Original embargo terms

Immediate Worldwide Access

Document Type

Dissertation - Open Access

Major

Public Policy and Administration

Degree Name

Doctor of Philosophy (Ph.D)

College

College of Arts and Sciences

Department

Department of Political Science and Public Administration

Abstract

Within the next 15 years, a significantly large percentage of adults will exit the U.S. public sector workforce, taking their experience and knowledge with them. This considerable number of departures from the public sector workforce is expected to create a crisis of sorts for society as it grapples with how to ensure the public sector is not without its most important feature – public servants.

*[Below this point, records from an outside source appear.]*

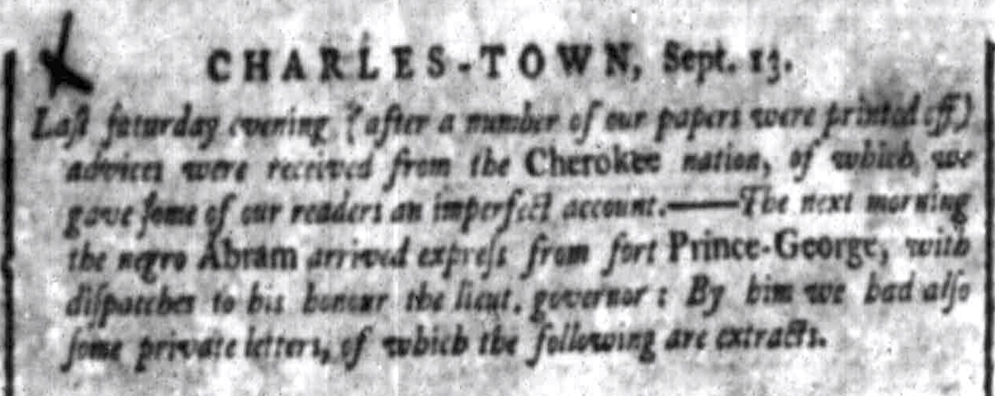 About twelve hours after the Charleston newspaper printed the first news of the fate of the Fort Loudoun garrison, Abraham galloped into the capital on the morning of Sunday, September 7th, under “gloomy” skies and with a “brisk gale” blowing in his face. He delivered his “dispatches to his honor the lieut[enant]. governor,” and distributed “some private letters” to their recipients as well.[16] Abraham had been on the frontier for five troublesome weeks, and was supposed to have reached the garrison at Fort Loudoun. Now that he had returned with news of the loss of those men and women, and threats of an escalating war, I suspect that Abraham had the full attention of the lieutenant governor. Bull likely interrogated the now-familiar black courier in an effort to understand better the latest developments on the frontlines of the Cherokee war, but no details of the conversation survive. Having completed his ninth express mission for the provincial government, Abraham no doubt found a comfortable resting place somewhere in the bustling port town, pulled off his bullet-riddled boots, and enjoyed a bit of well-deserved relaxation.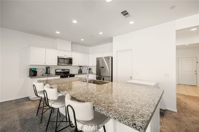 Desert Vibes & Modern Living — Your Palmdale Escape Awaits! Tucked into one of Palmdale’s most desirable enclaves in the Antelope Valley, this stylishly updated home brings together warm desert tones, modern finishes, and effortless indoor-outdoor living. From the moment you walk in, the space feels open, bright, and inviting—filled with natural light and a clean, designer-inspired palette that flows seamlessly from room to room. The open-concept main level connects the living, dining, and kitchen areas in a way that just works—perfect for everyday living or hosting friends. The kitchen is both sleek and functional, featuring granite countertops, stainless steel appliances, ample cabinetry, and a layout designed for easy entertaining.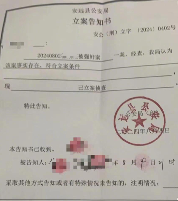而據(jù)公安局8月4日晚9時出具的《立案告知書》顯示,杜某某涉嫌被強奸一案,“經(jīng)查,我局認為該案事實存在,符合立案條件,已立案偵查?!?/p>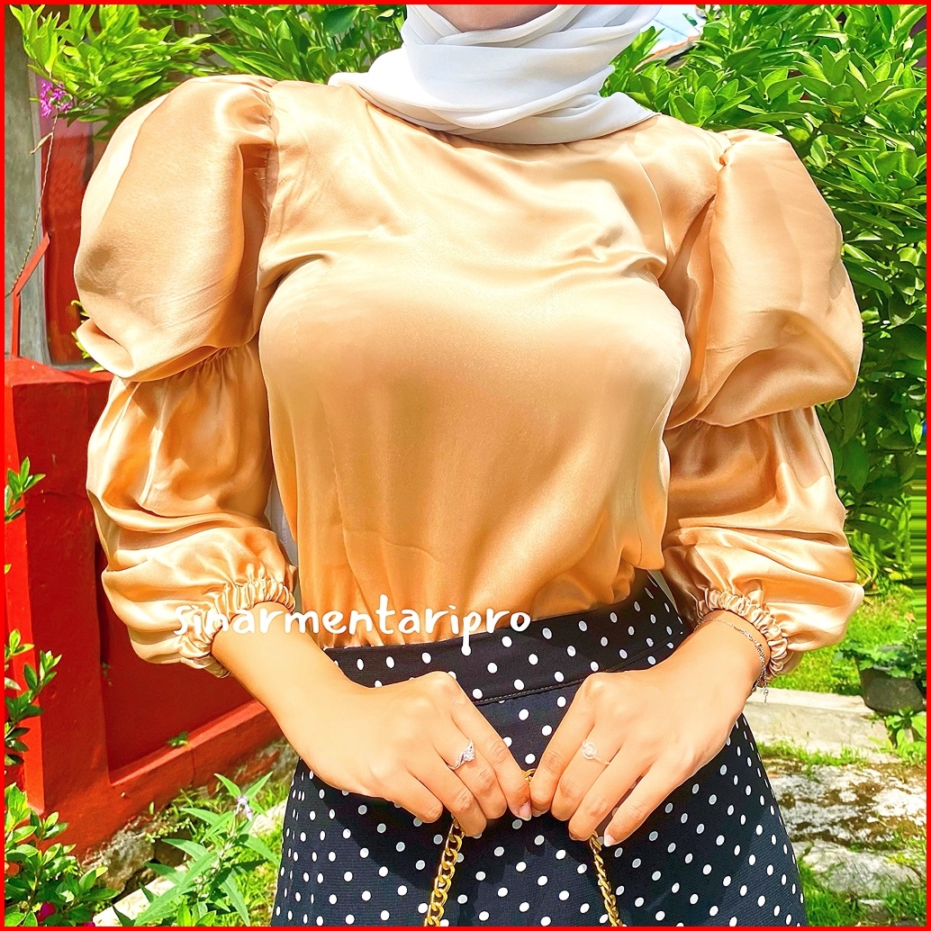 Boomble - Baju Atasan Tangan Balon Satin Silk Glossy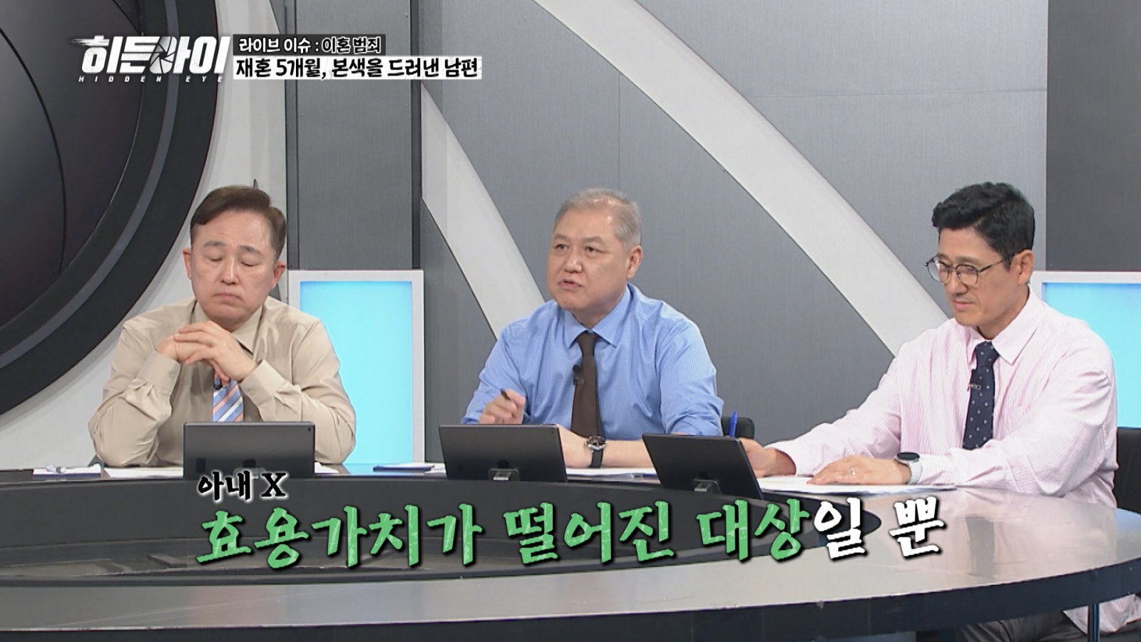 라이브 이슈에서는 한 가정을 피로 물들인 이혼 범죄를 파헤친다. 겉으로는 자상한 가장이었지만, 실상은 아내가 번 돈으로 생활하며 여러 여성과의 외도를 일삼은 남편. 아내를 ‘금고’라 부르며 돈줄로만 여겼던 남편의 행동에 참다못한 아내는 빌려준 돈을 갚으라고 했고, 남편은 불같이 화를 내며 오히려 아내에게 이혼을 요구했다. 아내가 그의 요구에 응하지 않자 결국 9살 딸 앞에서 흉기를 휘둘러 아내를 살해했고, 그 소리에 달려온 장모마저 공격하는 극악무도한 범죄를 저질렀다. 이후 재판이 진행되던 중 남편의 누나가 아내의 유가족에게 상상 초월의 발언을 쏟아내자, 스튜디오는 순식간에 싸늘하게 얼어붙었는데. 프로파일러 권일용이 “아내가 아닌, 효용가치 떨어진 대상으로 보고 범행을 저질렀던 것”이라 분석한 이혼 사건의 전말은 8월 25일(월) 저녁 7시 40분, MBC 에브리원 ‘히든아이’에서 확인할 수 있다.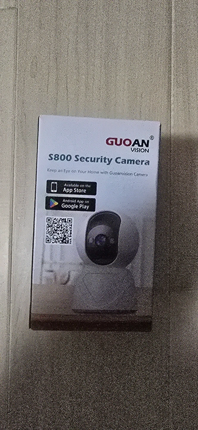 This is a GUOAN VISION S800 Home Security Camera. It features zoom in on moving objects. The app is available on the App Store and Google Play.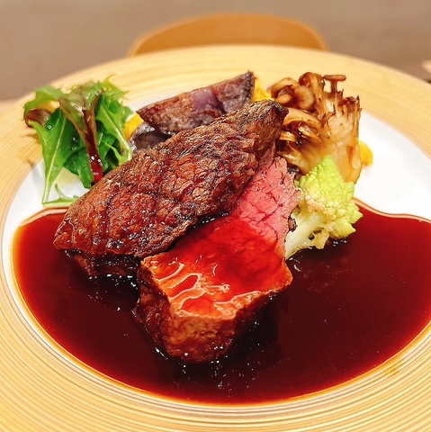 黒毛和牛やアワビなど、その日の最高級素材を贅沢に盛り込んだ全9品の特別プラン。シェフの感性が光る至高の一皿を、心ゆくまで堪能できます。特別な記念日や大切な方へのおもてなしに相応しい、贅沢なコースです。※写真はイメージです。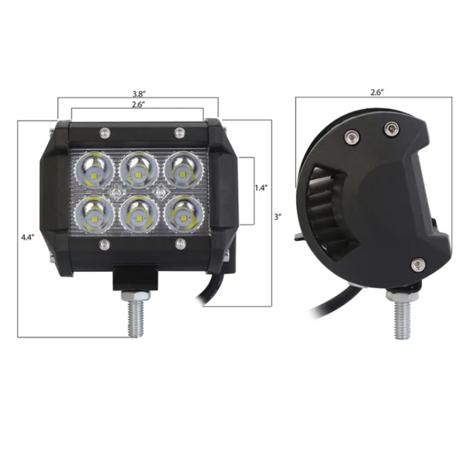 This set includes 4 pieces of 4-inch dual row LED spot light pods, each delivering 18 watts of high-intensity light. Designed with a robust cube shape, these LED lights provide focused illumination suitable for automotive, off-road, and utility uses. The dual row configuration enhances lighting efficiency and brightness while maintaining a compact profile. Built to withstand harsh conditions, these LED pods offer long-lasting performance with energy-efficient operation.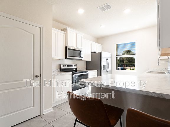 Discover your dream home in this like-new 2023 build! This move-in ready 3-bedroom, 2.5-bath home features tile throughout the first floor and new LVP flooring for a modern, clean look. The kitchen offers light countertops and cabinets, perfect for cooking and entertaining. Relax on the private patio with no rear neighbors. Pet lovers will enjoy the nearby dog park, and nature enthusiasts will love the scenic pond. Located in Oakleaf, you'll have access to top-rated schools, shopping, dining, a movie theater, pools, fitness center, and endless recreational amenities. Washer & Dryer Included (tenant responsible for repair/replacement).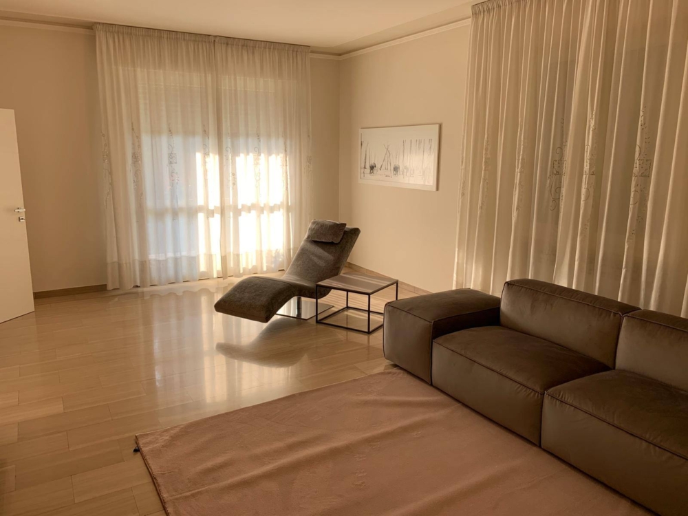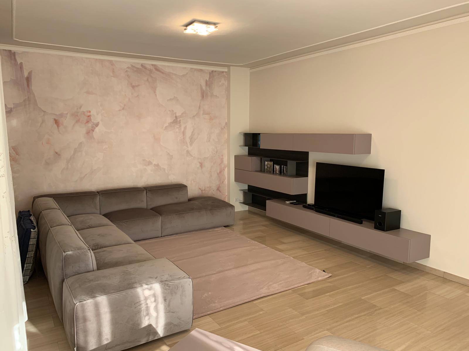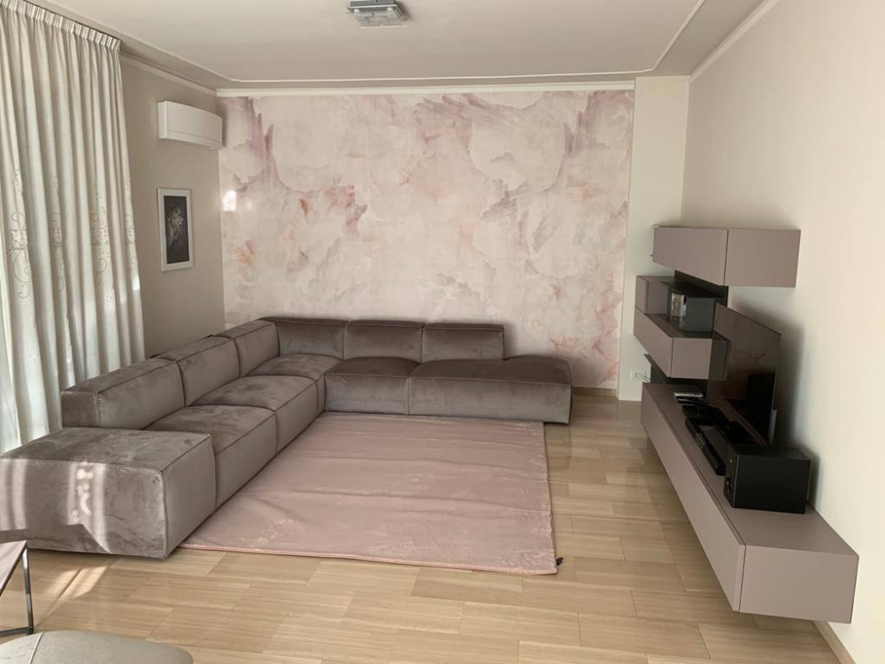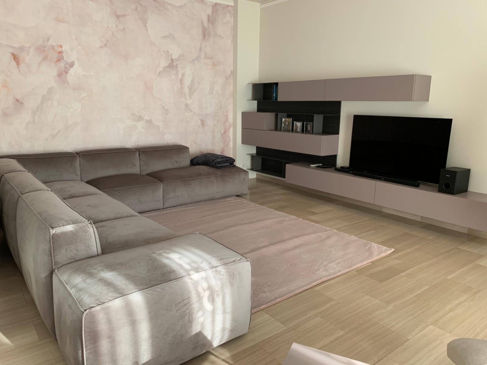 Elegante zona living caratterizzata dalla tonalità di color cipria e rosa antico.

The immediate crisis relates to how we, in record time, recruit and retain a new and highly qualified workforce that can quickly fill the gaps left by the exodus. Recently coming into their adult age, our youngest and quickly becoming our largest cohort of workforce-eligible adults, commonly referred to as “Gen Z,” are alarmingly underrepresented in the public sector. Underrepresentation is forecasted to continue and may grow. Nascent literature on Generation Z describes them as valuing the importance of public service and so the current lack of representation is puzzling and potentially points to an issue in motivation to serve in the public sector – or factors related to those motives. With permission to use Public Service Motivation (PSM) scholar Sangmook Kim’s revised public service motivation instrument, this study sets out to measure the public service motivation in a stratified random sample of Generation Z adults (Kim, 2012). Hypothesizing that Generation Z has a high level of public service motivation but is dissuaded from serving due to their perception of public sector culture, the study will introduce and examine other variables associated with organizational culture. The idea is that organizational culture – specifically the public sector’s culture – may play a role in Gen Z’s current underrepresentation. With a new generation of young adults showing signs of motivation to serve in the public sector, realizing the possibility that public sector organizational culture is getting in the way should influence a significant drive towards scholarship and practice related to public sector cultural transformation.